**Dataset content:**
BEGIN

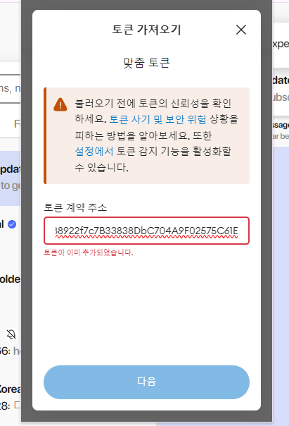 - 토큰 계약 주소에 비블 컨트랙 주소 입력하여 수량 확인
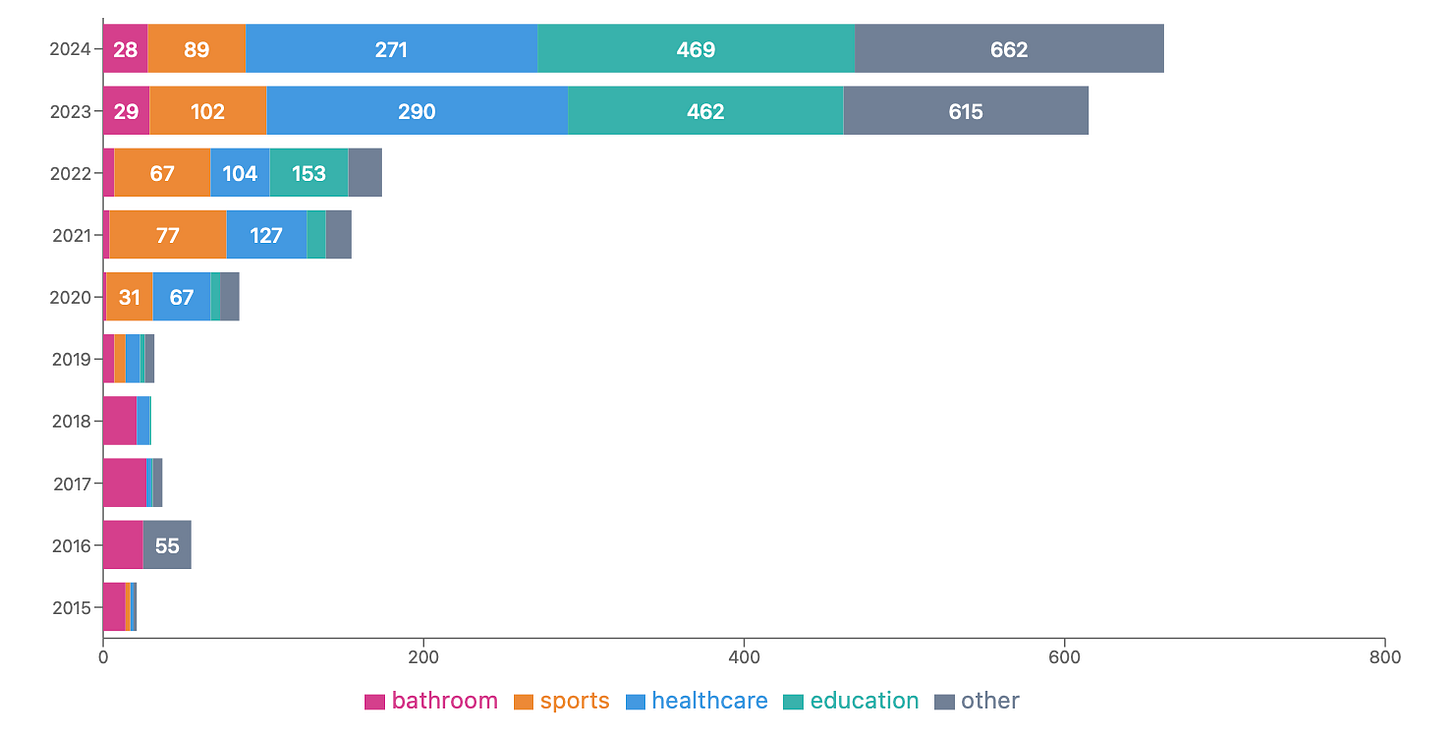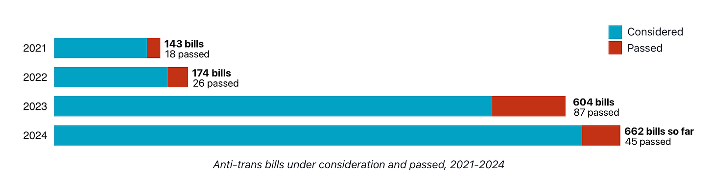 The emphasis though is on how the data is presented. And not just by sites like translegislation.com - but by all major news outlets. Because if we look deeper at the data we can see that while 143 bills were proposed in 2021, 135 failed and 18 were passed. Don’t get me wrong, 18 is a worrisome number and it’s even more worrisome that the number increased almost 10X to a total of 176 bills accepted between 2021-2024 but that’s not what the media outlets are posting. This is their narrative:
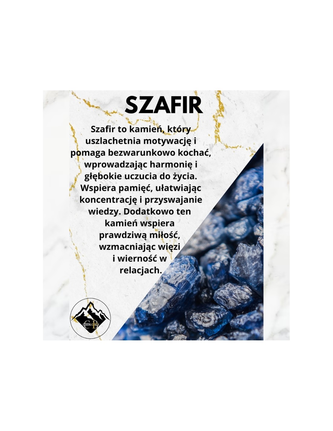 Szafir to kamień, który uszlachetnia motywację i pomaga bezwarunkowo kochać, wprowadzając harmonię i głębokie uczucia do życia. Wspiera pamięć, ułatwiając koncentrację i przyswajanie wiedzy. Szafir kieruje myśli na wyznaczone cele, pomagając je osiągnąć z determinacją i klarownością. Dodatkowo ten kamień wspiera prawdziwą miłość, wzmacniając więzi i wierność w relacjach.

END

**What this task involves:** Return the material above exactly; the images stay out.

**Response:**
 - 토큰 계약 주소에 비블 컨트랙 주소 입력하여 수량 확인
 The emphasis though is on how the data is presented. And not just by sites like translegislation.com - but by all major news outlets. Because if we look deeper at the data we can see that while 143 bills were proposed in 2021, 135 failed and 18 were passed. Don’t get me wrong, 18 is a worrisome number and it’s even more worrisome that the number increased almost 10X to a total of 176 bills accepted between 2021-2024 but that’s not what the media outlets are posting. This is their narrative:
 Szafir to kamień, który uszlachetnia motywację i pomaga bezwarunkowo kochać, wprowadzając harmonię i głębokie uczucia do życia. Wspiera pamięć, ułatwiając koncentrację i przyswajanie wiedzy. Szafir kieruje myśli na wyznaczone cele, pomagając je osiągnąć z determinacją i klarownością. Dodatkowo ten kamień wspiera prawdziwą miłość, wzmacniając więzi i wierność w relacjach.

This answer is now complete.